With the HomePod 15.1 software update, HomePod and HomePod mini offer support for Apple’s lossless audio compression technology, so you can play music from 16-bit/44.1kHz (CD quality) to 24-bit/192kHz. HomePod also supports Dolby Atmos and Spatial Audio, while HomePod mini does not. HomePod mini also doesn’t support Dolby Digital 7.1 or Dolby Digital 5.1 surround sound like the larger HomePod. So if you want to use the HomePod as part of a home theater system, especially as part of a stereo pair, a standard HomePod might be a better choice.
HomePod vs HomePod mini: Features and Sound Quality
Not only is the number of tweeters and microphones different, HomePod and HomePod mini are powered by different Apple chips.
- HomePod mini: S5 (Apple Watch Series 5 and Apple Watch SE)
- HomePod (2nd generation): S7 (apple watch series 7)
- HomePod (1st generation): A8 (iPhone 6)

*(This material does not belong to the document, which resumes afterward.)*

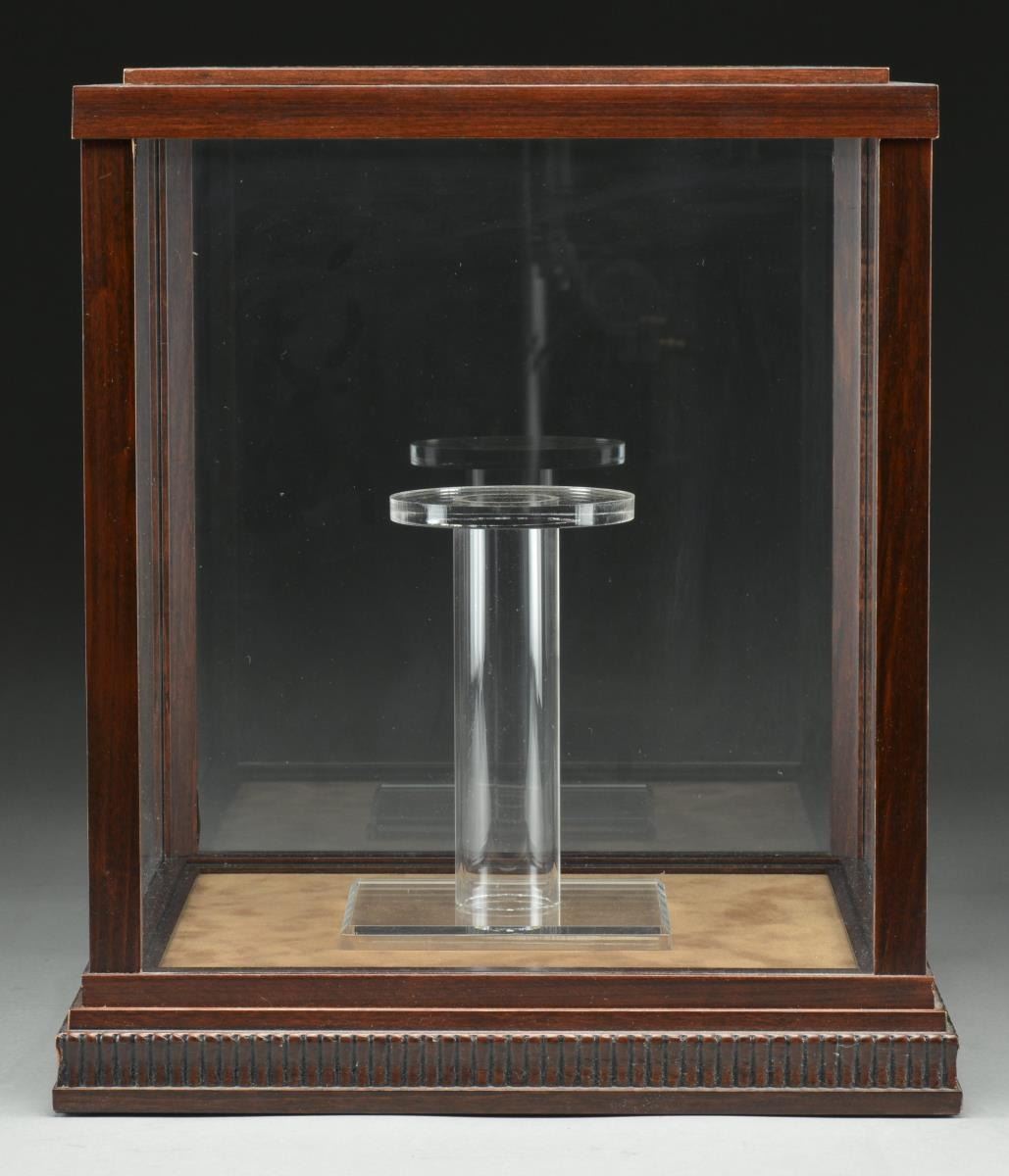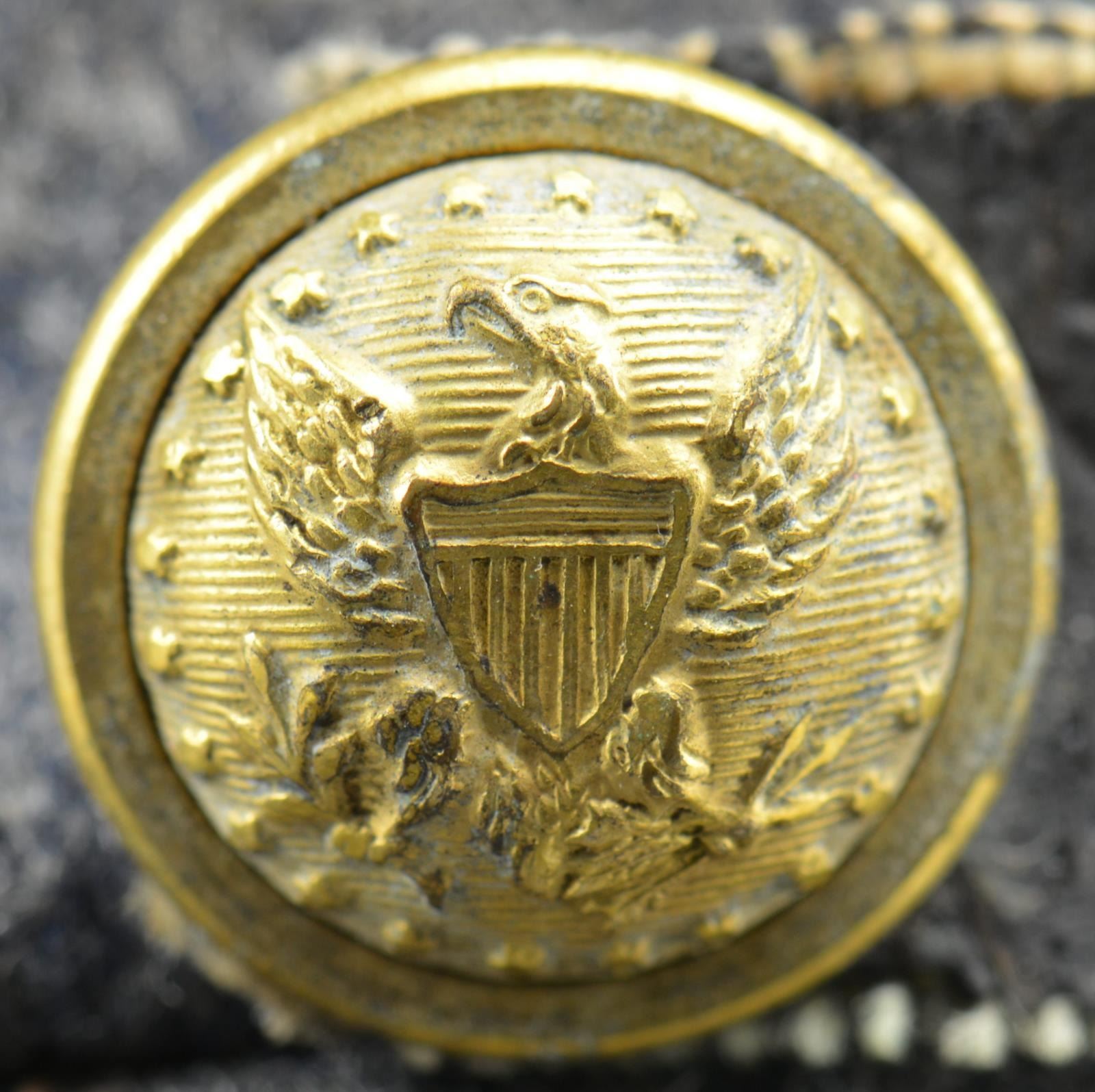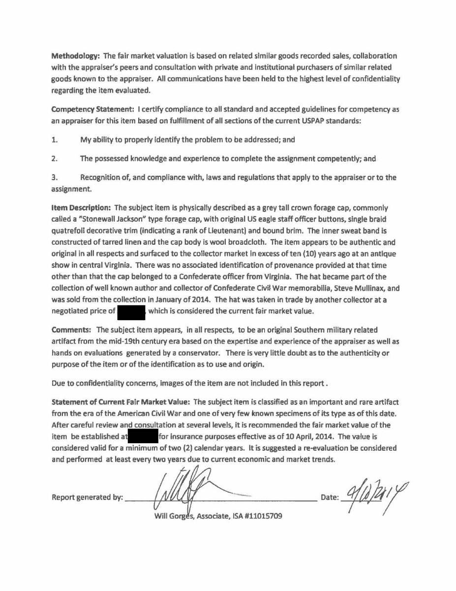 Tall Confederate forage caps have long been known among collectors as "Stonewall Jackson" style due to Jackson's wearing same tall style cap. 4" high in front, 8" central seam in back. Made with cadet gray wool broadcloth, one strand bullion trim & quatrefoil (lieutenant rank), tarred linen 1.5" sweatband, tarred linen sewn binding on visor edge, tarred linen chin strap attached with two 15mm eagle staff buttons. Crown is lightly quilted and lined in lightweight cotton single ply fabric. Part of Steve Mullinax collection for many years. He purchased it at Virginia Civil War show from a gentleman who brought it in not knowing who in his lineage as to who would have worn it. UNNATACHED ACCESSORIES: copy of 2014 consulting report by Will Gorges as to value and authenticity. Custom display case with stand, custom "pillow" that's fits interior of cap. CONDITION: Cap appears original and authentic in every regard, no noted restoration or new stitching. Wool body has minor moth damage as seen in the few scattered small holes. Sweat band, chin strap, lining all tight & in place. PROVENANCE: Cullen Smith estate collection. (02-17253/JS). $15,000-20,000.

We were surprised to find that the 2nd generation HomePod is powered by the Apple Watch processor, which is a bit of a step back from the A8 in the original HomePod. Apple opted for a chip suited to the compact design over the power of the more modern iPhone chip, but we’re guessing there’s enough power in the Watch’s chip to justify the move.
Also surprising is the fact that the 2nd generation HomePod supports slower Wi-Fi than the first HomePod. The original model supported 802.11ac, better known as Wi-Fi 5. The new HomePod uses the legacy Wi-Fi 4 (802.11n) standard, just like HomePod mini. The 2023 HomePod, like the mini and the original HomePod, still has Bluetooth 5 instead of 5.3.
All HomePods can be used as a stereo pair, but you cannot pair different types of HomePod together. So you can’t pair a HomePod mini with a HomePod, and you can’t even pair a 1st generation HomePod with a 2nd generation HomePod.
The 2nd generation HomePod and HomePod mini are equipped with the Apple U1 chip (which was not in the original HomePod). U1 lets you “switch” music playback from your iPhone (11 or later) to your HomePod so you can keep listening to music when you leave or enter your home. You can also view media controls without unlocking your iPhone and receive personalized listening recommendations.
However, HomePod cables are different: the HomePod mini cord has a USB-C cable like the original HomePod and the newer HomePod. Rather, it comes with an Apple USB-C 20W power adapter. If you lose it, any 20W USB-C charger will do, but it must be 20W.
HomePod 2nd generation and HomePod mini also have a temperature and humidity sensor to monitor the conditions in the room they are in. In addition, the larger HomePod also listens for smoke and carbon monoxide alarms and can send alerts to your iPhone when detected. .
Both HomePod mini and 2nd generation HomePod include Thread support that can be used as a home hub for Matter devices. And all Apple HomePod speakers offer Siri support for a variety of purposes, including playing music, setting alarms and timers, and sending messages.
HomePod vs HomePod mini: Buying Tips
There are several good reasons why the 2nd generation HomePod is better than the HomePod mini. If you care a lot about sound quality or need support for Dolby Atmos and Spatial Audio, then HomePod is the only option. But if, like the vast majority of people, you’re only looking for a decent smart speaker to use with Apple Music or Spotify, then the HomePod mini will do the job for a fraction of the price.